E – Easy: Was ‘no’ the easy option?
F – Feeling: What would it have felt like?
L – Listen: Did we listen?
E – Explain: Did we explain?
C – Creative: Where we creative enough?
T – Time: Did we take the time?
Reflecting on these questions encourages staff to think more about their practice and how we can continue to improve. This leads to a culture of “First say YES”. When we do say “no” our responses are kind and considerate. Patients can understand where we are coming from and get a sense of what would need to happen for us to have said “yes”. E.g. leave from the hospital contingent on improvement they make.
Set up a collection box for ‘no slips’
Encourage reporting by putting up a poster above the collection box saying we like to say yes, tell us if we have said “no” to you.
Keep the ‘no slips’ simple – if we said no to you to please tell us about it
For this to be embedded in every day practice, build it into your reflective practice sessions, supervisions and handovers etc.
Evolution of recurring themes, the quality of the discussion and less incidents will allow you to monitor progress over time.
Maintain a non-judgemental stance at all times and create ownership and delegate responsibility of the process to the frontline staff by encouraging open and honest reflections and dialogue.
Example: On admission to one of our wards a patient expressed the desire to bring his own pillow in as he had neck problems and found his own pillow soothing. Fire safety and infection control regulations state that on the hospital premises all bedding used must be pre-approved.
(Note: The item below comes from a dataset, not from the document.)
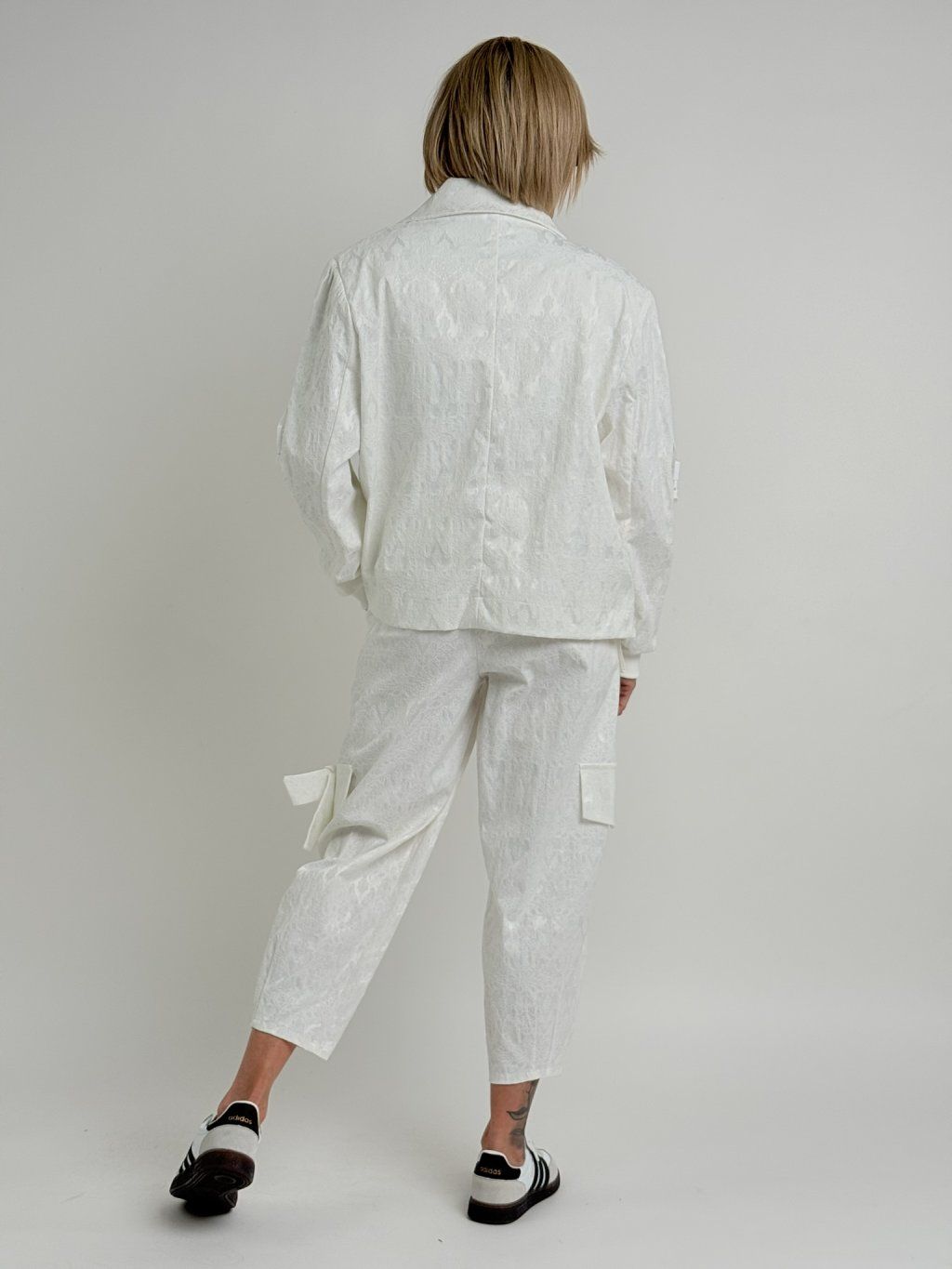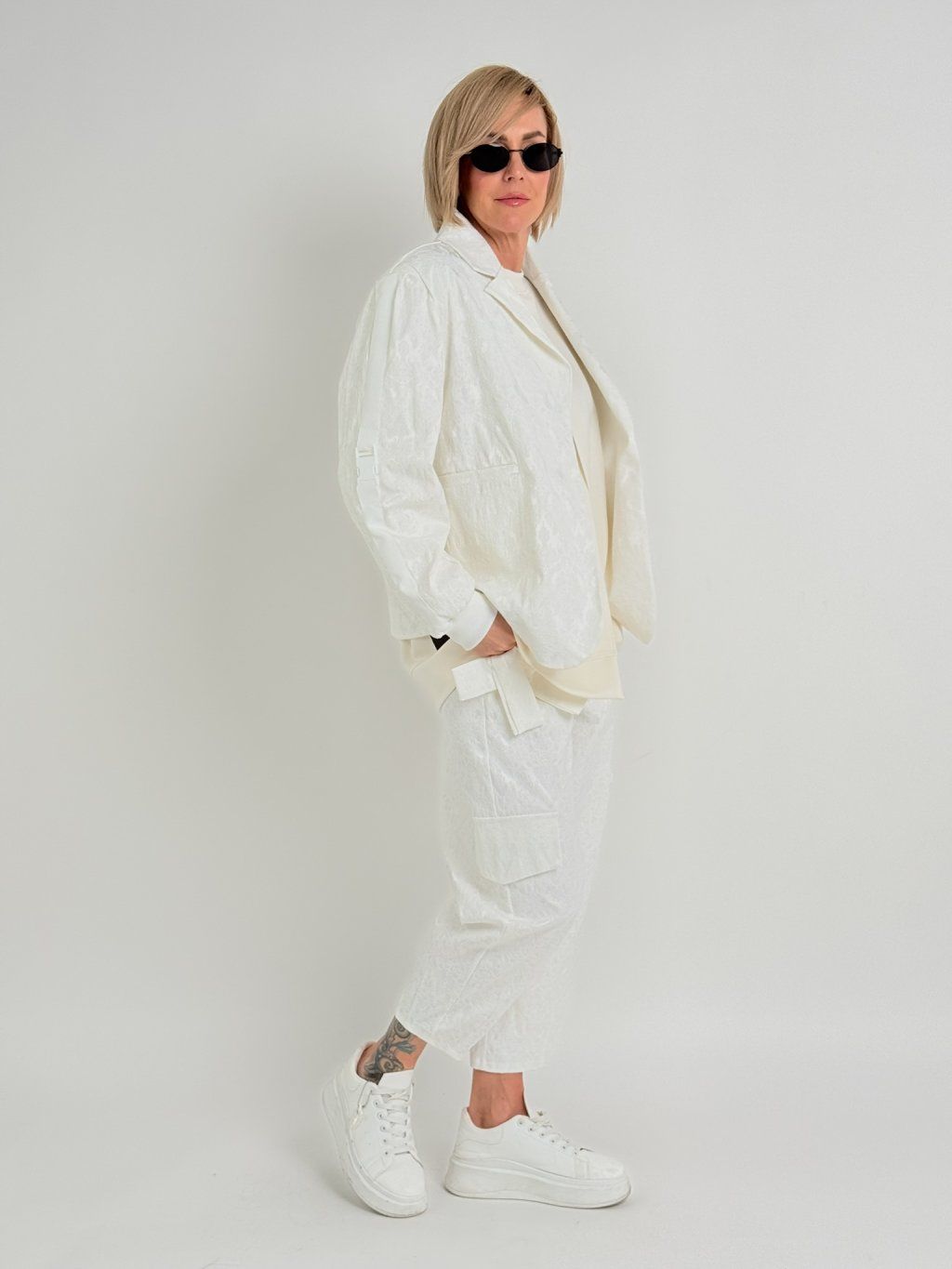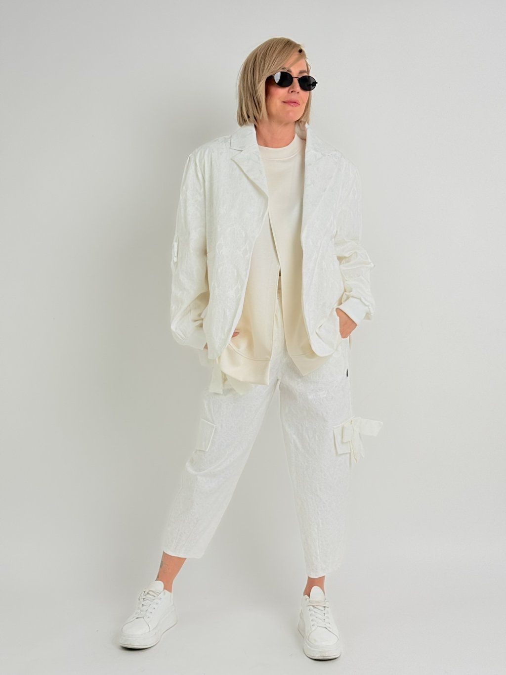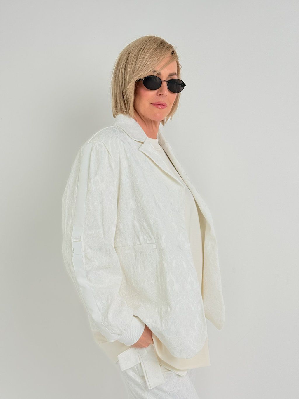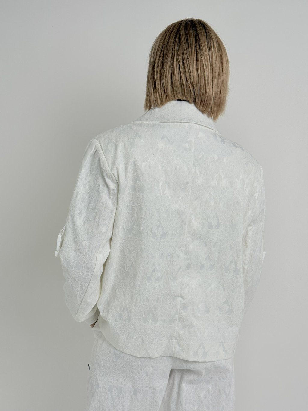 Bunda nadrozmernej veľkosti s reliéfnym vzorom, podšívkou, bez zapínania, s nášivkou a lampasmi na rukávoch.

So the answer was a no, but on reflecting staff felt that the pyjamas the patient was wearing was as inflammable as his pillow and exercised their judgement and allowed the pillow bringing the patient’s distress levels down and then seeking necessary permission.
Note: This is not about discarding policies and procedures as they have been put in place for a reason, however when policies override common sense and clinical judgement, staff are encouraged to take a view and put patients first while at the same time keeping an eye on what it means for the rest of the patients.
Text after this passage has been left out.